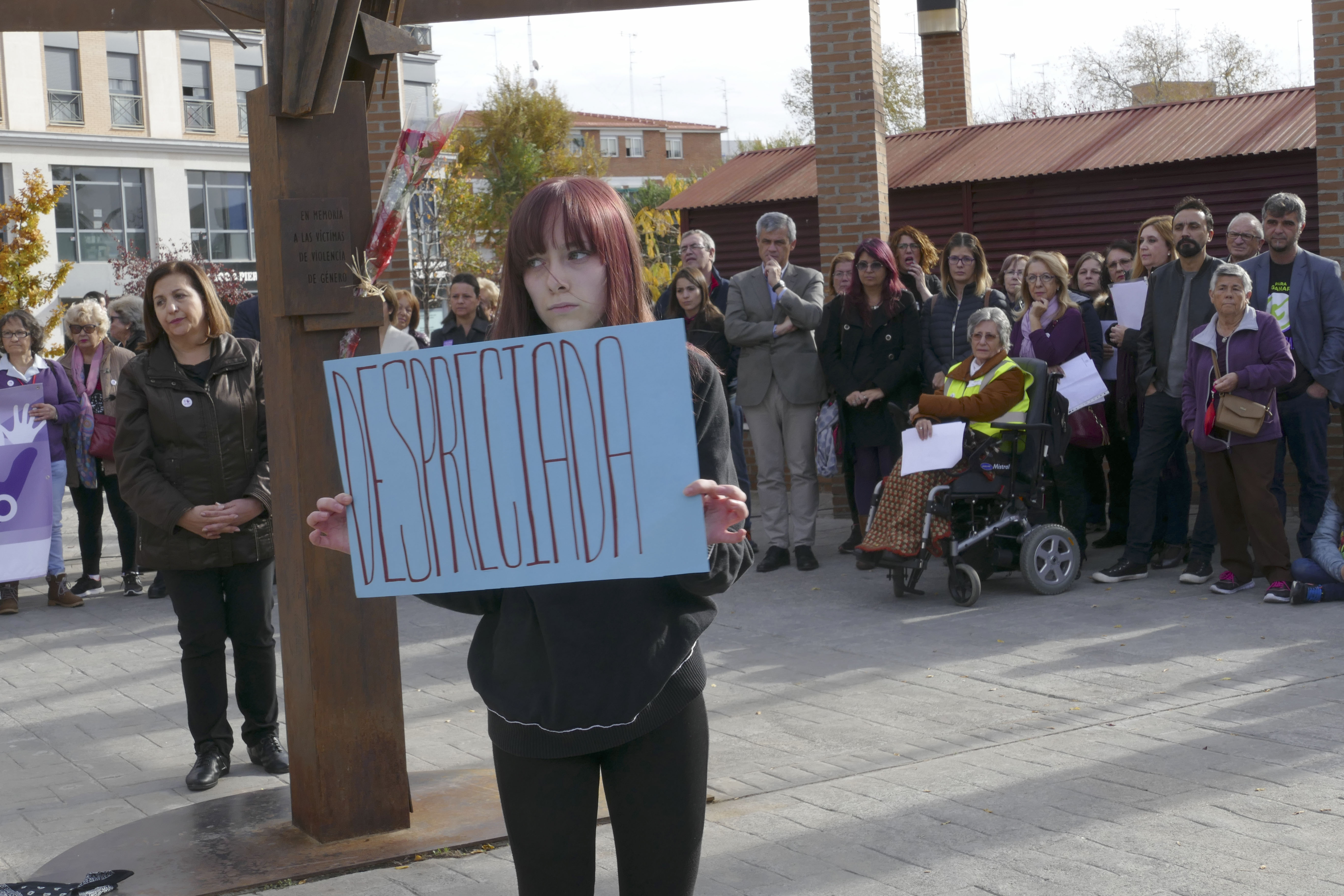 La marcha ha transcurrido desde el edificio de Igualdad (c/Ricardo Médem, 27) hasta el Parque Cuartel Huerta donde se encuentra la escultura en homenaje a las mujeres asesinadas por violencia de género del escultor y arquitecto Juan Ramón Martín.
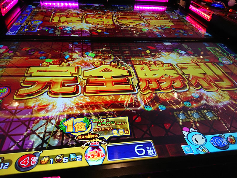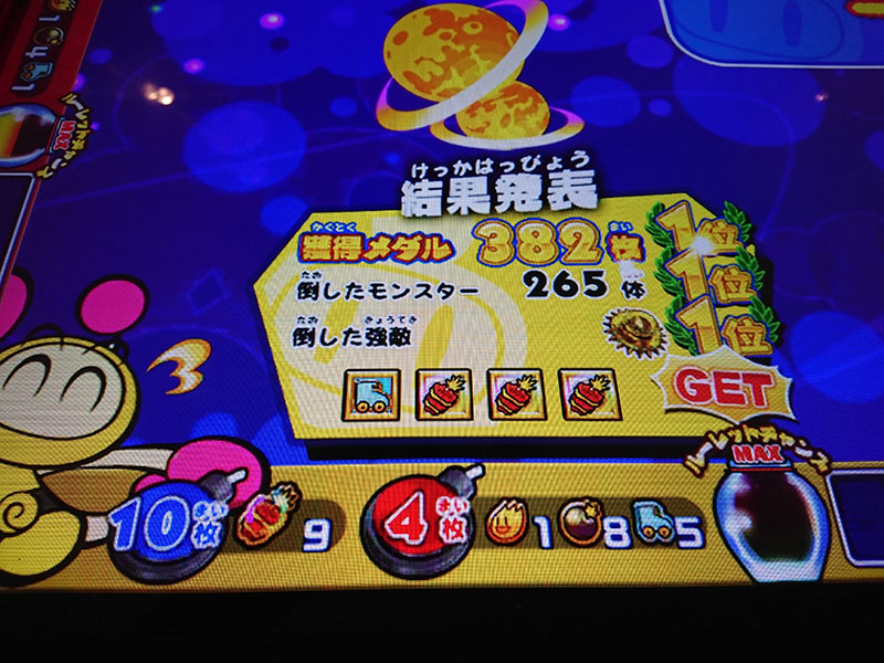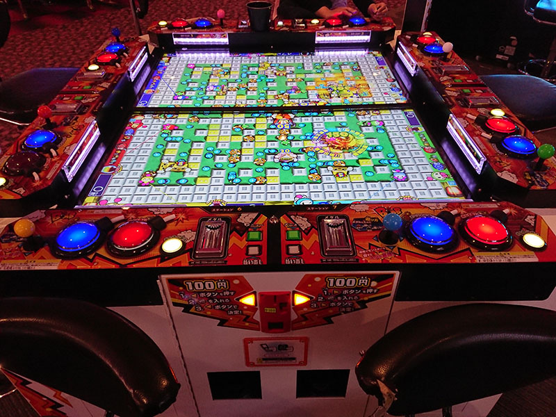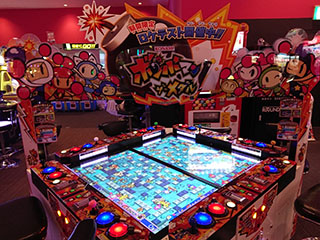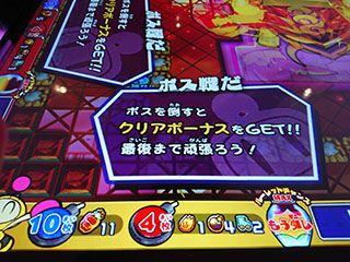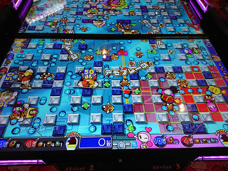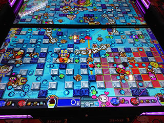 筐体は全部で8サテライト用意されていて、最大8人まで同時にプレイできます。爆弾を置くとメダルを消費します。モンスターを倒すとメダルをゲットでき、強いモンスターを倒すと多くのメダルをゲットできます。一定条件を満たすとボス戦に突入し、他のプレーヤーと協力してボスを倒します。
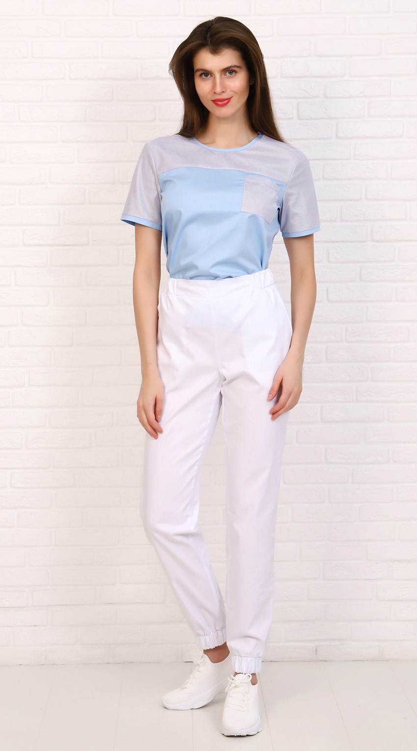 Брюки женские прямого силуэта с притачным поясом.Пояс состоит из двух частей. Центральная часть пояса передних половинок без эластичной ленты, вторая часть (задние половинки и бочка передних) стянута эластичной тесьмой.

==========

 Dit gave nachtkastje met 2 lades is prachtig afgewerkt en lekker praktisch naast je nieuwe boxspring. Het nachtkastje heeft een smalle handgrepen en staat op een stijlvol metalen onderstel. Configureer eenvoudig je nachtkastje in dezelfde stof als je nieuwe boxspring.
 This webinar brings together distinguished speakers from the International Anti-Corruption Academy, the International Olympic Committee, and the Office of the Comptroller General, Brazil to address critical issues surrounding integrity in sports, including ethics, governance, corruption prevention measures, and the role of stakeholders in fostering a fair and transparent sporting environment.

==========

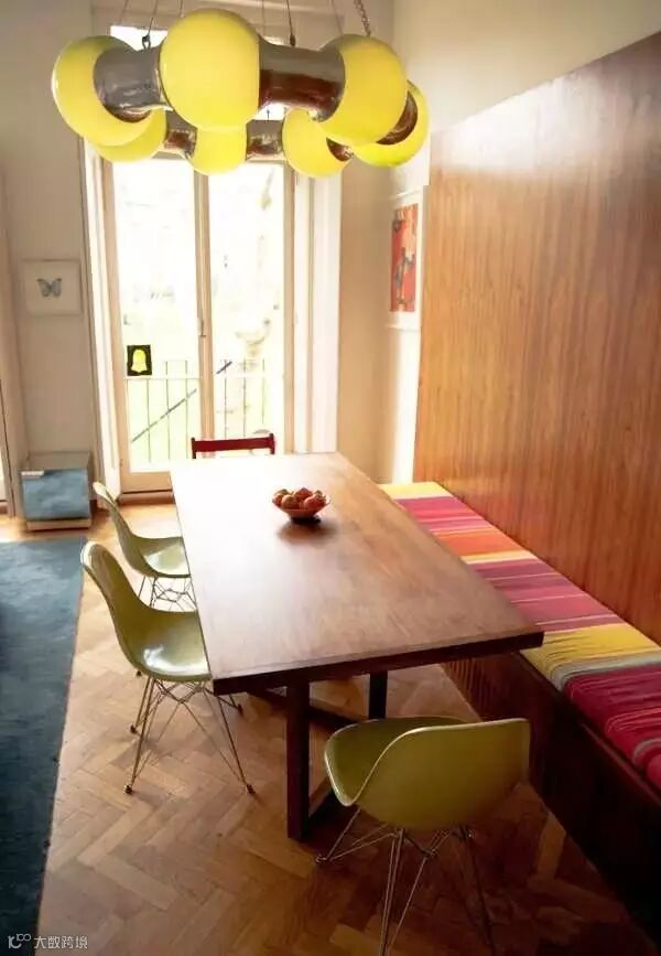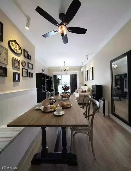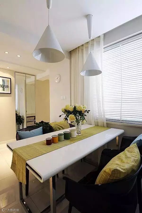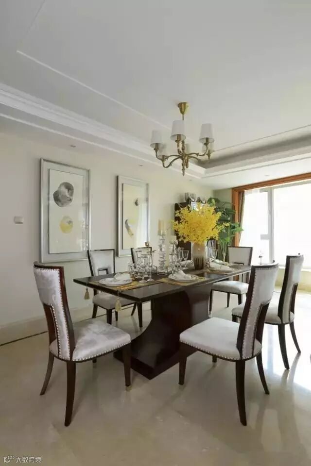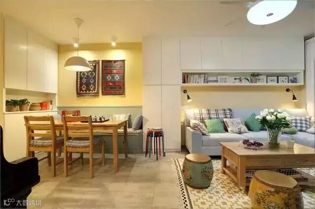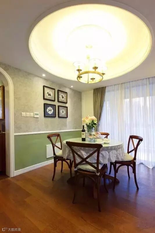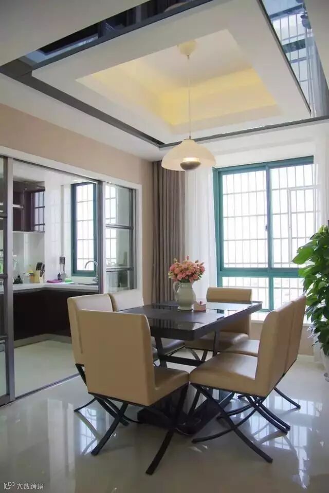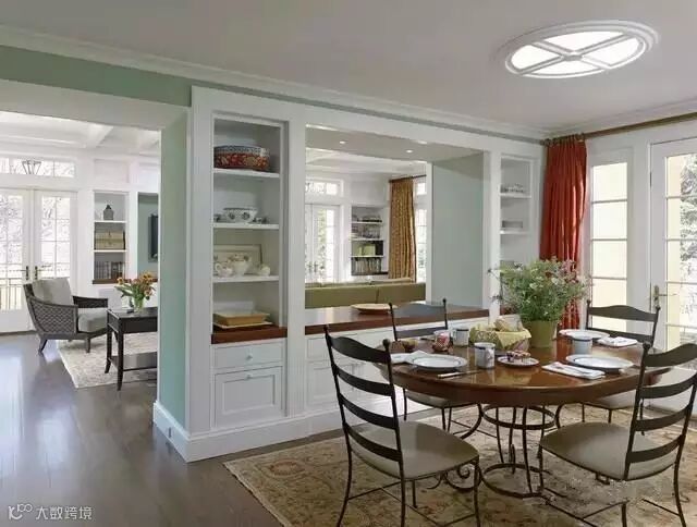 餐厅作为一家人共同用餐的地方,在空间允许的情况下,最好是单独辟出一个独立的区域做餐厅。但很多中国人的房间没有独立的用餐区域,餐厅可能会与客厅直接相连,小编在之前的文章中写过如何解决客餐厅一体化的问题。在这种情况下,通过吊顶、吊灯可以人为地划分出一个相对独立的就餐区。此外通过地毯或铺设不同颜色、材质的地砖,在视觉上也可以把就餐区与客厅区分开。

==========

# WHAT THE TASK ASKS
Give back exactly the lines above from the one with "La marcha ha" through the one with "Брюки женские прямого", both included. Pictures don't belong in the copy.

# WRITTEN REPLY
 La marcha ha transcurrido desde el edificio de Igualdad (c/Ricardo Médem, 27) hasta el Parque Cuartel Huerta donde se encuentra la escultura en homenaje a las mujeres asesinadas por violencia de género del escultor y arquitecto Juan Ramón Martín.
 筐体は全部で8サテライト用意されていて、最大8人まで同時にプレイできます。爆弾を置くとメダルを消費します。モンスターを倒すとメダルをゲットでき、強いモンスターを倒すと多くのメダルをゲットできます。一定条件を満たすとボス戦に突入し、他のプレーヤーと協力してボスを倒します。
 Брюки женские прямого силуэта с притачным поясом.Пояс состоит из двух частей. Центральная часть пояса передних половинок без эластичной ленты, вторая часть (задние половинки и бочка передних) стянута эластичной тесьмой.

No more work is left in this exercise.